New 3D Printing Methods Make Progress Toward Additive Glass Clear

Swiss scientists at ETH Zurich announced they have developed a 3D printing process that will produce geometrically complex objects from glass.

Today, glass is a commonplace item.

Glass covers buildings across the world, contains the liquids that we use, warps itself into artistic shapes, and might even be the conduit through which you’re reading this article. However, the mastery of the manufacturing and distribution of glass has historically been a complicated tale that’s riddled with monopolistic secrecy, international intrigue and the wild accumulation of wealth.

While today’s glass manufacturing environment deals less with statecraft and more with mundane proprietary law, transmuting the base materials of glass into a complex and transparent solid has proven difficult for additive manufacturing pioneers.

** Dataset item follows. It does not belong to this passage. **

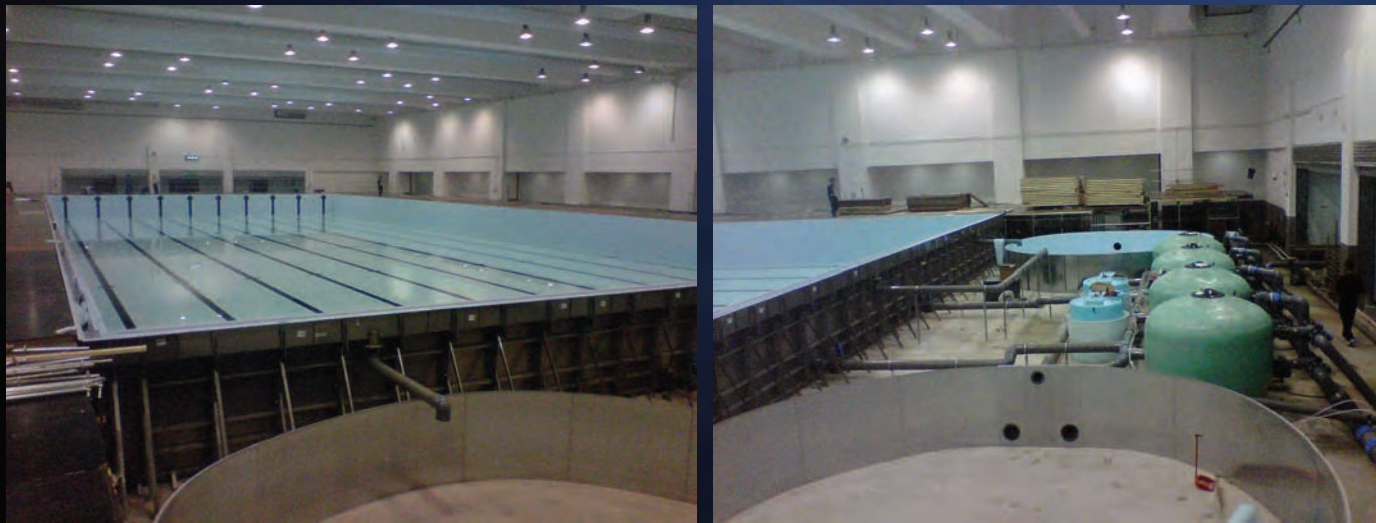
上海东方体育中心

In recent years, various attempts to 3D print glass have been somewhat successful, but for each successful method there have been critical drawbacks—fused deposition modeling (FDM)-like glass printing methods require immense energy inputs and specialized heat resistant equipment, while powdered-sintering solutions can produce quality products, provided they are geometrically simple.

Enter the Swiss team.

According to ETH, the researchers have developed a special resin that combines plastic, organic molecules and glass precursors that react to a standard photolithographic additive manufacturing technique, Digital Light Processing, to build complex structures.


During the printing process the plastic element of the resin is bathed in UV light to cure a layer of geometry, building up the object layer by layer. That plastic forms the scaffolding upon which the resin’s organic molecules and glass precursor elements can be hung in a complex arrangement.

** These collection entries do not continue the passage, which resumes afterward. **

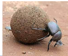
a dung beetle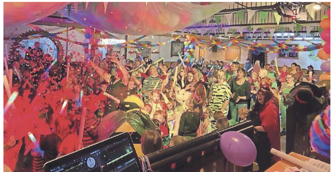
Luftballons, Konfetti und bunte LED-Sticks: beim Kinderkarneval in Girkhausen kam keine Langeweile auf.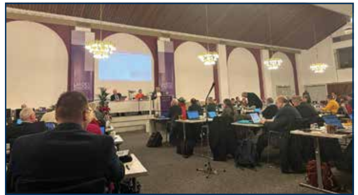
Sitzung im großen Plenarsaal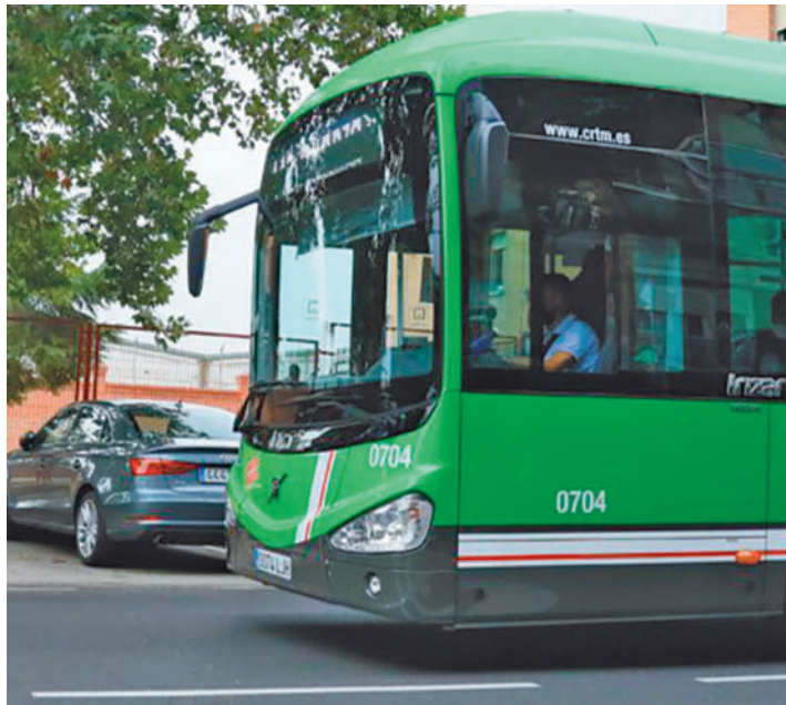
La cabecera estará junto a Getafe Central AYUNTAMIENTO DE GETAFE

La cabecera de la nueva línea estará junto a Getafe Central, en la calle Ferrocarril, y las paradas se efectuarán al lado de la estación de Metro sur de Alonso de Mendoza y

Various parameters in each layer can be changed by adjusting the UV light intensity, including pore size: weak light intensity results in large pores; intense illumination produces small pores. “We discovered that by accident, but we can use this to directly influence the pore size of the printed object,” says Kunal Masania, one of the researchers at ETH Zurich.

Once the geometry of an object has been printed, the result is introduced to a kiln, where it is fired twice—once at 600˚C to burn off its plastic framework and then again at about 1,000˚C to transform the ceramic precursor and organic molecules into solid glass.

So, where’s the rub?

The ETH team explains that during the firing process, the object built using its resin and technique shrinks, which might be a concern for some manufacturers. Furthermore, the researchers say that their method of additive glass manufacturing is limited to building small objects.

However, despite the size limitation of the new glass printing technique, at least one Swiss glassware company is interested in licensing the technology.

The manufacturer is unnamed, but a quality lens making firm might be interested in exploring this technology to create complex, miniaturized glass articles for phones or other technologies.